- Location of Duša in central Bosnia
- Location: 43°56′N 17°34′E﻿ / ﻿43.933°N 17.567°E Duša, Gornji Vakuf, Bosnia and Herzegovina
- Date: 18 January 1993 (Central European Time)
- Target: Bosniaks
- Attack type: Mortar attack
- Deaths: 7
- Perpetrators: Croatian Defence Council (HVO)

= Duša killings =

1993 massacre of Bosniaks in Duša, Gornji Vakuf

On 18 January 1993, the village of Duša, Gornji Vakuf, was shelled by the Croatian Defence Council (HVO), and 7 Bosniak civilians were killed. Muslim homes were burnt down after the HVO took control of the village.

==Background==
Gornji Vakuf is a town to the south of the Lašva Valley, with a population of about 10,000 Croats and 14,000 Muslims. On 11 January 1993, the first clashes between the Croatian Defence Council (HVO) and the Army of the Republic of Bosnia and Herzegovina (ARBiH) took place. There are conflicting reports as to how the fighting started and what caused it: a bomb placed in a Muslim owned hotel used as a headquarters, or an all-out attack by ARBiH forces on HVO positions.

On 16 January 1993, the HVO demanded that the ARBiH in Gornji Vakuf subordinate its troops to the HVO, which was rejected. On 18 January, the HVO attacked ARBiH positions in Gornji Vakuf.

==Attack on Duša==

On 18 January, the HVO attacked the ARBiH in the village of Duša, Gornji Vakuf. Civilians, including elderly people, women and children, took shelter in the house of Enver Šljivo during the combat. During the attack, the HVO artillery fired several shells from a nearby village, one of which hit the home of Enver Šviljo and killed 7 civilians, including three children, three women, and an older man who died as a result of his wounds. The shelling damaged many Muslim houses.
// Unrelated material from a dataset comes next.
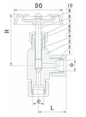 3. 结构特征: 锥面或球面密封,直角式

After the ARBiH surrendered, the women, children, elderly and handicapped people were sent to the nearby village of Paloč, where a doctor examined the wounded and sent the seriously injured to a hospital in Bugojno. Others remained in Paloč for several days until the UNPROFOR moved them. There is no evidence about the detention conditions in Paloč. After the takeover of the village, HVO soldiers set fire to an unknown number of houses. Muslim men from Duša were transferred from Paloč to Trnovača and detained in a furniture factory. They were exchanged for prisoners taken by the ARBiH two weeks later.